Thanks! I think trust goes out the window when we start suing each other, but even then, some sort of profit-sharing seems like a reasonable outcome here.

Expand full comment

Canadian news outlets are currently suing OpenAI for copyright infringement in the amount of $20,000 per article. This could add up to billions in damages if they succeed.

When it comes to image copyrights, we work very closely with our legal dept. when we create some graphic that we use in a film production. If we wanted to make our own version of a real police badge, we have to prove that our version is significantly different. We have to show all of our work like a high school math problem. As creators, we take inspiration from other creators all the time. In fact, it's impossible to design in a vacuum. But we don't take inspiration from millions of sources.

I think this is the major shortfall of any legal challenge by artists. If Gen AI is stealing from everyone, how can a single or a small group of artists sue the Gen AI company? How can the courts determine which part of which artist's work was used in which part of a Gen AI creation? Even the AI experts don't know exactly how it works! It's an impossible situation where the loser is the artist.

Expand full comment

Regarding "How can the courts determine which part of which artist's work was used": That's certainly part of the problem, and it may feel like the AI companies have 'hacked copyright' with their fancy 'learning' technology, carefully shrouded in secrecy. But what some of the lawsuits are arguing is that it is illegal by itself to collect copyrighted works for training purposes. If the courts agree, this would introduce lots of red tape to the AI process, as illustrated by @Nneoma Grace Agwu-Okoro elsewhere in the comments.

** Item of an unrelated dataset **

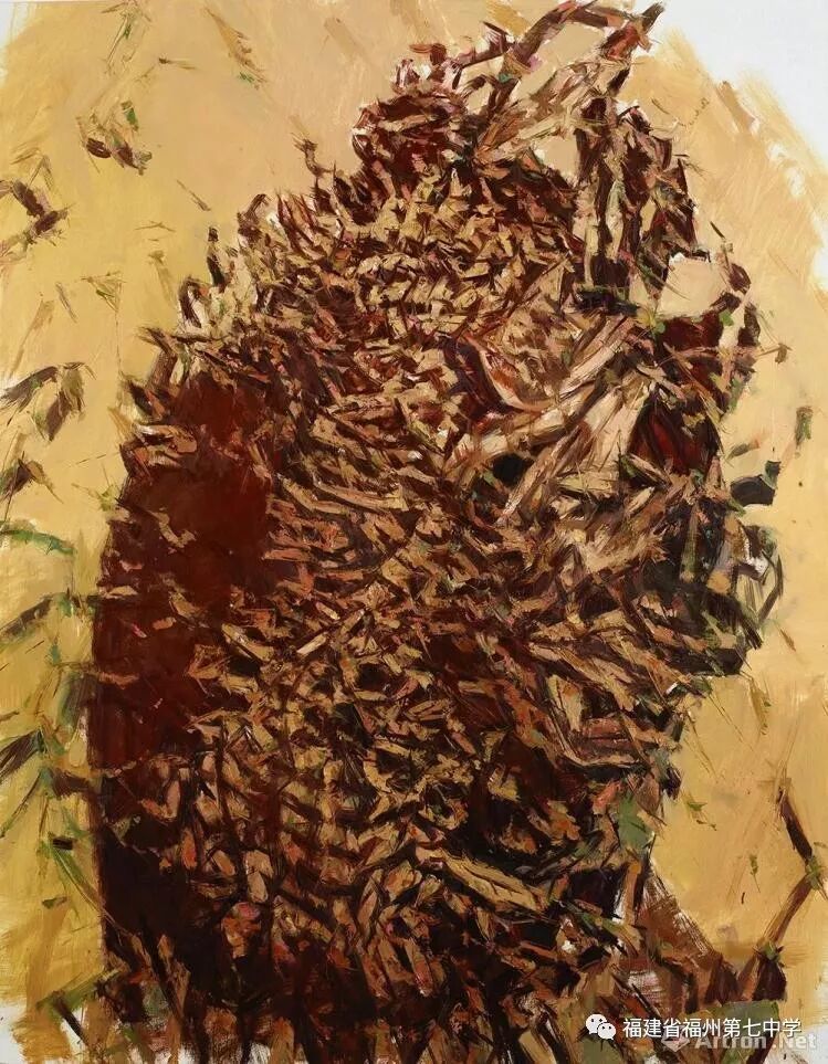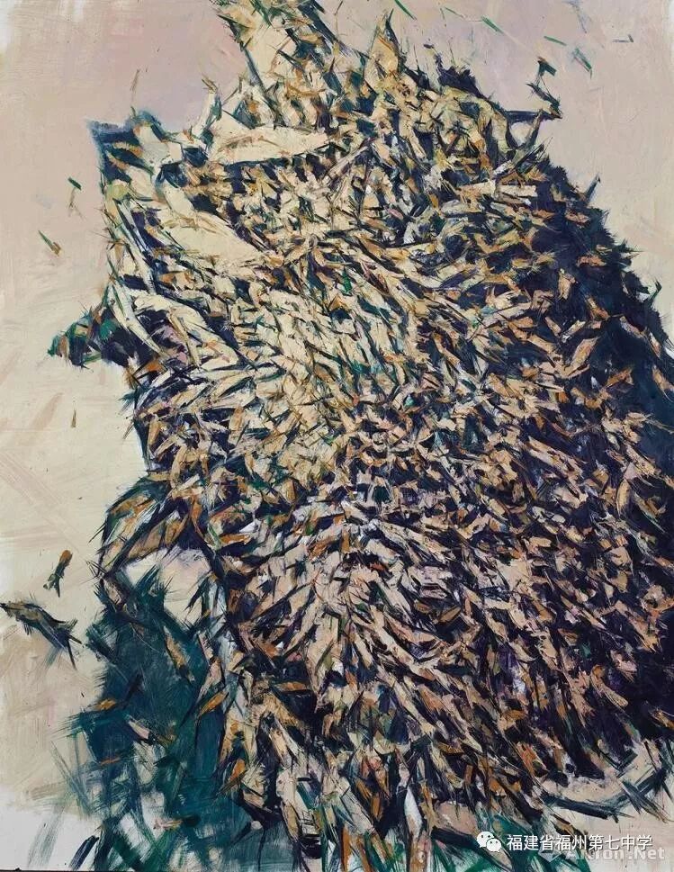 所以,许江借葵要画的是大地无可奈何的逝去,是“萧萧落叶、漏雨苍苔”宿命般的沉沦与悲慨。“看你的画,感触颇多,以你的社会工作,总以为应该坐在宝马车里,在机场来回跑个没完。但是,你却始终不放下画笔,更难能可贵的是,你的画中总有一种沧桑感。好像是在高山上遥望,看过去的沧桑,看遥远的沧桑,这与你的年龄不相符,你的追求是在揭露人生的本质,有点苍桑森然的感觉。”吴冠中曾这样夸许江:“这是我作为一个人,作为一个老人,作为一个87岁的老人了,转了一圈回来,明白了什么,在人世间我所起的作用。”

I'm curious though: when you create graphics for a film production, is AI image generation an acceptable tool? And if OpenAI wins all of these court cases, making AI art 'totally legal' (there's a better legal term, probably), would that make a difference for the art department?

Expand full comment

The short answer is it depends. Graphics that we put on the screen is evaluated on a gradient of highly featured as in an ECU to deep, deep, deep background where it might be just a blurry image. Different Studios have different appetites for risk. Not only that but not all training data used in LLM are created equally. The largest stock library in the world iStock offers AI images that supposedly were trained on their licensed data.

Expand full comment

Ah, of course! It's easy to forget there are in fact licensed alternatives.

(Also, I definitely knew ECU means Extreme Close-Up. Just like everyone reading this.)

Expand full comment

LOL Nice catch! I often forget that not everyone knows Filmspeak.

Expand full comment

I think the cases against OpenAI and other AI companies could go either way because whether we like it or not, generative AI is here to stay. Its pace of development is a whole other issue that will be determined by the outcome of the cases.

Now onto copyright infringements and my opinion;

- The creatives can argue that these AI companies should pay them for using their work because they're well-funded for-profit companies, but think about the logistics of that for a minute. Who will they pay and who will be left out? What's the method for calculating fees to be paid to each creative? How will one work be valued over another (because IP is qualitative, not quantitative)? and other questions like these

- The AI companies can argue for fair use, transformative use, or even "research" (as someone in the comments pointed out), but this defense has a 50/50 chance of success because fair use isn't a globally accepted defense to copyright infringement, it might not be accepted as a defense to every claim in the suit, and it may be accepted as a defense because the AI companies can prove "transformative use" whatever that truly means

- Legal departments can argue that AI companies should meticulously note and report in a public registry every copyrighted work being used as training data for its generative AI systems, that way there is complete transparency in the training process, making it as highly regulated as data privacy has now become. whether or not this will please the creatives is still to be seen.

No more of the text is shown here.